Tripodichthys is a genus of marine ray-finned fish belonging to the family Triacanthidae, the triplespines or tripodfishes. The three species in this genus are found in the Indian Ocean and the western Pacific Ocean in shallow water over soft substrates.

==Taxonomy==
Tripoichthys was first proposed as a genus in 1968 by the American ichthyologist James C. Tyler with Triacanthus blochii designated as its type species.T. blochii had originally been described in 1852 by the Dutch ichthyologist Pieter Bleeker with its type locality given as Singapore. Tripodichthys is classified within the family Triacanthidae and, in 1968, Tyler classified this family within the suborder Triacanthoidei alongside the Triacanthodidae. The 5th edition of Fishes of the World classifies the Triacanthoidei as suborder of the order Tetraodontiformes.

==Species==
Tripodichthys currently contains the following three valid species:
- Tripodichthys angustifrons Hollard, 1854 (Black-flag tripodfish)
- Tripodichthys blochii (Bleeker, 1852) (Long-tail tripodfish)
- Tripodichthys oxycephalus (Bleeker, 1851) (Short-tail tripodfish)

==Etymology==
Tripodichthys comes from tripod and Ancient Greek ἰχθύς (ikhthús), meaning "fish", as it was envisioned that the fish rested on the subtrate using the two spines in the pelvic fin and the lower lobe of the caudal fin. The specific name of the type species honours Marcus Elieser Bloch, the describer of Triacanthus biaculeatus which was thought to be a congeneric with T. blochii. The specific name of T. angustifrons means "narrow forehead" and refers to this species thinner snout than Triacanthus brevirostris, its assumed congener. The third species has the specific name oxycephalus, meaning "sharp head", an allusion to the long, pointed head.

==Characteristics==
Tripodichthys tripodfishes are characterised by having a scale covered part of the pelvis which tapers towards the rear. The second spine in the dorsal fin is clearly less than half the kength of the first spine and the base of the dorsal fins have a total length which is 1.5 to 1.7 times longer than the base of the anal fin.

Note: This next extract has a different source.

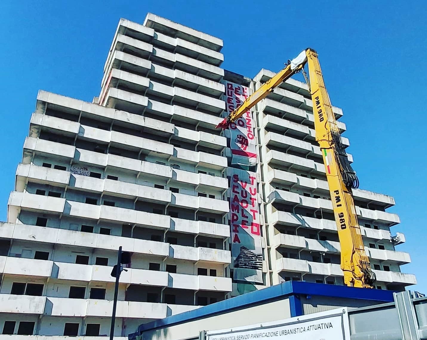 Hanno finalmente avuto inizio, verso le ore 11,30 di questa mattina, i lavori per la demolizione della Vela Verde di Scampia, uno dei quattro edifici superstiti del complesso di edilizia popolare tristemente assurto, nel tempo, a simbolo del degrado di un’intera comunità urbana. L’abbattimento, la cui data precisa era stata annunciata una settimana fa, sta avendo luogo in maniera ordinata, senza l’impiego di cariche esplosive: sul posto sono intervenuti diversi escavatori, tra cui un cingolato da 130 tonnellate che, con l’ausilio di una grossa pinza oleodinamica capace di spingersi ad oltre 52 metri di altezza, dovrebbe portare a compimento il lavoro in un arco di tempo di circa quaranta giorni.

The scales have a low, cruciform ridge on them. In T. oxycephalus the pelvis is wide between bases of the pelvic fin spines and the caudal peduncle is short. In the other two species the pelvis is thin between the bases of the pelvic fin spines and they have a long caudal peduncle. In T. agustifrons the membrane of the spiny dorsal fin is typically dark between the first four spines, there are 22-24 soft rays in the second dorsal fin and 18-19 in the anal fin. In T. blochii the spiny dorsal fin has a pale membrane, there are 20-24 soft rays in the second dorsal in and 13-15 in the anal fin. These fishes have maximum published total lengths of 20 cm, in the case of T. angustifrons and T. oxtcephalus, and 15 cm in T. blochii.

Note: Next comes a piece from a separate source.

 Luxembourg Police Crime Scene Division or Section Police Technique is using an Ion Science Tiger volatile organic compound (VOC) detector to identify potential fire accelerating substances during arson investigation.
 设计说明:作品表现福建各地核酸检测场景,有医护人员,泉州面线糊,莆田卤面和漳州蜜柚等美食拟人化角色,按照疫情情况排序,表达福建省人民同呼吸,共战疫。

==Distribution and habitat==
Tripodichthys tripodfishes are found in the Indian and Western Pacific Oceans. T. angustifrons has been recorded from Indonesia and northern Australia, T. blochii from the South China Sea and Indonesia, with strays recorded in China and Japan, while T. oxycephalus from the Bay of Bengal, South China Sea and Arafura Sea. They are found at depths down to 50 m over sand and mud substrates.